HPC/Directories
Overview
Here is a summary of key directories related to Carbon, and environment variables used to access them:
Environment variable | Typical value | Shared across nodes | Notes |
---|---|---|---|
$HOME or ~ (tilde) |
/home/joe | yes | home sweet home |
$SANDBOX |
/sandbox/joe | yes | scratch space (short-term storage), not backed up |
$TMPDIR |
/tmp/12345.mds01.... | no | job-specfic scratch space |
$PBS_O_WORKDIR |
(yes) | the directory qsub was run in; typically used with cd $PBS_O_WORKDIR as first line in a job script
|
Details by function
Home directory
$HOME ~
The users' home directories are kept on a Lustre* file system and are backed up nightly. The home directory can be reached in standard Unix fashion using either the environment variable or the tilde sign in most shells (but generally not application programs, especially not those written in Fortran).

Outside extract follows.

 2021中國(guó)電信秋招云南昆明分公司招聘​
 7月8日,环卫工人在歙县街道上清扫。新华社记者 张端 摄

Your total file volume in $HOME is subject to a limit called quota, set at 0.5 TB for most users. This is a soft limit which can be exceeded by about 10% for a grace period of one week.
Global scratch space
$SANDBOX
This environment variable points to a user-specific directory which is shared by Lustre*.

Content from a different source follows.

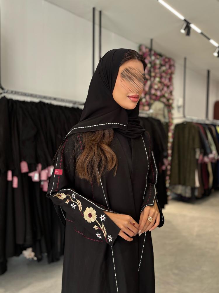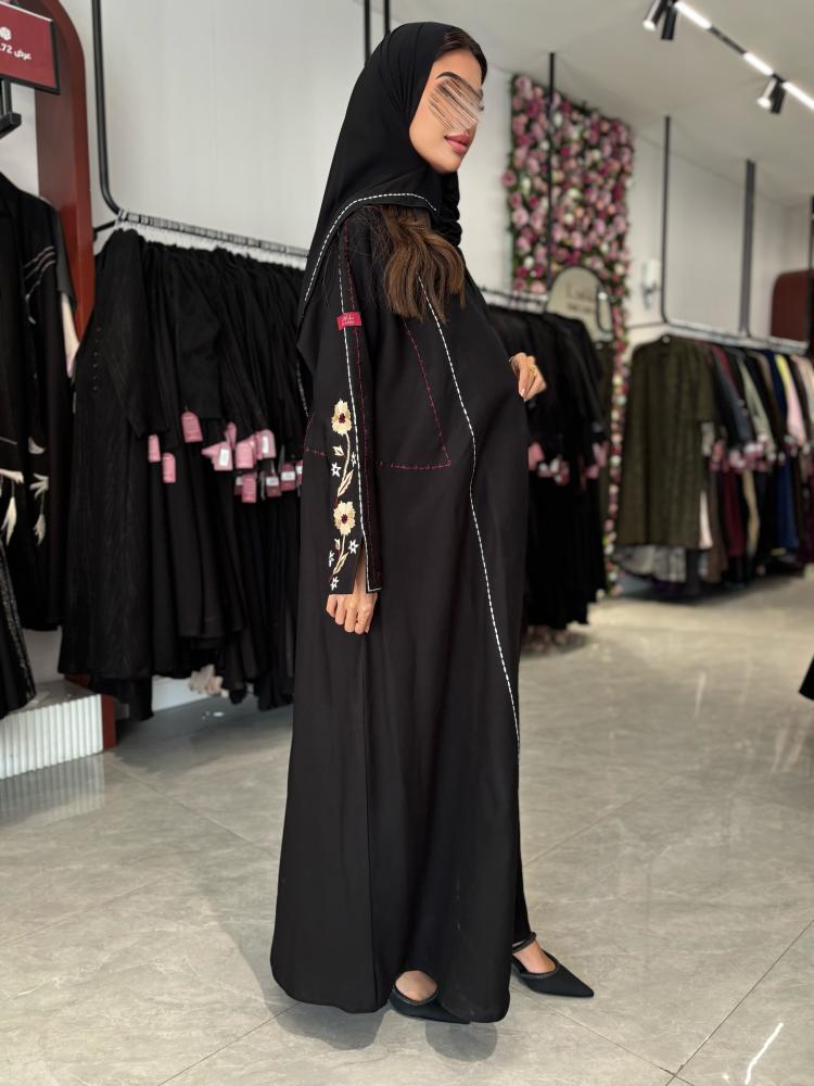 * لون العباية / اسود بتطريز اكمام بيج

Use this directory for short-lived files that need to be shared among multiple nodes, can get large, or change often. Usage policies (subject to change) are:
- Files are not backed up.
- Hard quota are 3 TB in volume and 2 million in file count.
- Soft quota are 10 GB and 10,000 files.
- The grace period for overflowing a soft limit is 3 weeks.

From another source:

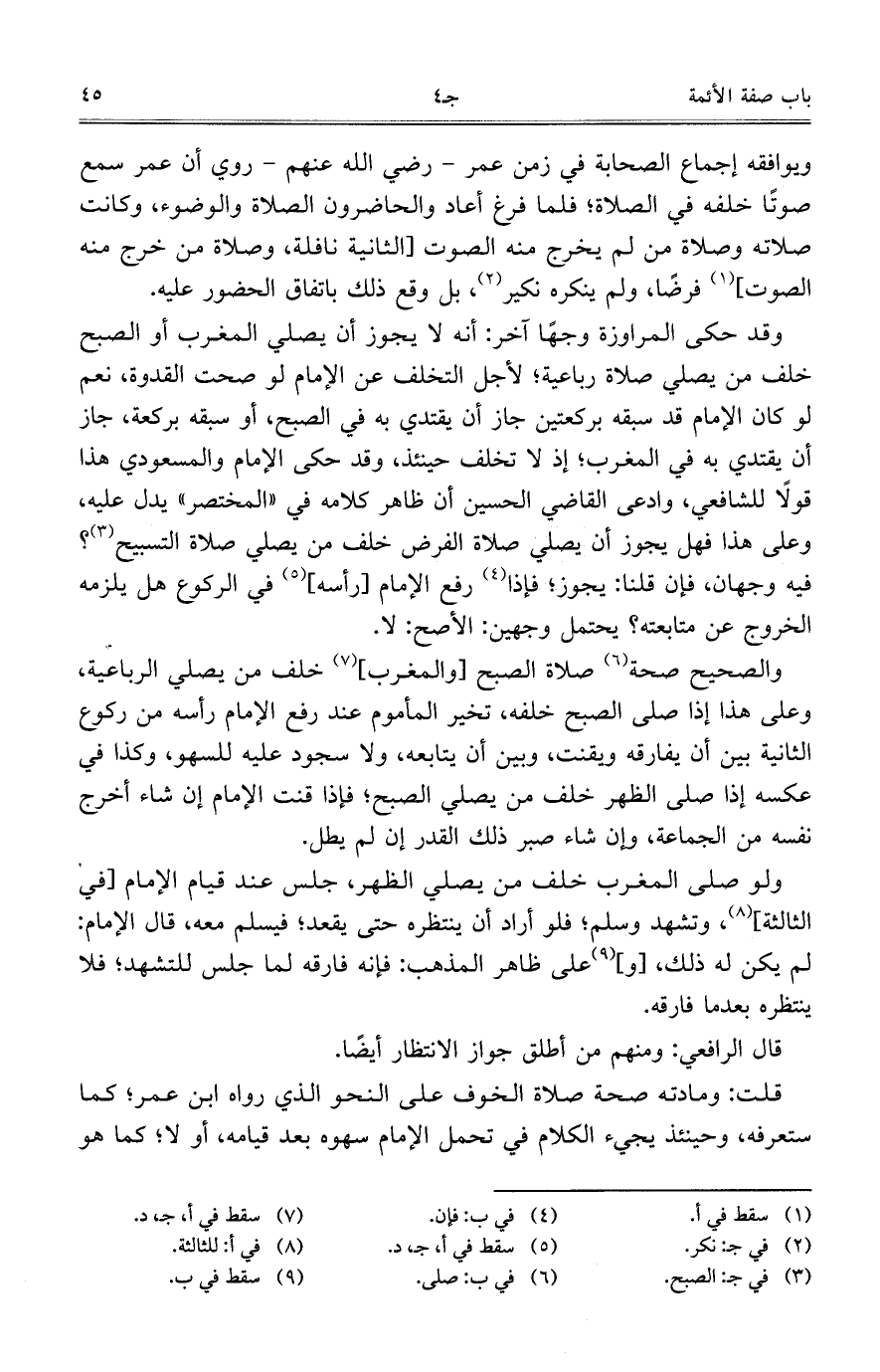 والصحيح صحة صلاة الصبح [والمغرب] خلف من يصلي الرباعية، وعلى هذا إذا صلى الصبح خلفه، تخير المأموم عند رفع الإمام رأسه من ركوع الثانية بين أن يفارقه ويقنت، وبين أن يتابعه، ولا محجوب عليه للسهو، وكذا في عكسه إذا صلى الظهر خلف من يصلي الصبح؛ فإذا قنت الإمام إن شاء أخرج نفسه من الجماعة، وإن شاء صبر ذلك القدر إن لم يطل.

- If usage is still above the soft limit beyond the grace time, the file system will appear (to you) as being full. To recover, delete files.
- Files will be deleted automatically once they are older than 4 weeks.
These limits are aimed to keep space available for the intended use by short-lived files, in particular files of unusual size, or unusually many files.
Local scratch space
$TMPDIR
This variable and the directory it refers to is provided by the queueing system for all processes that execute a job. The directory:
- resides on local disk on each node,
- is named the same on each node,
- is not shared across nodes,
- is shared for processes on the same node (as many as given in "ppn=…"), in other words, the name is PBS job-specific, but not Unix PID-specific,
- typically provides about 100 GB of space,
- will be wiped upon job exit on each node.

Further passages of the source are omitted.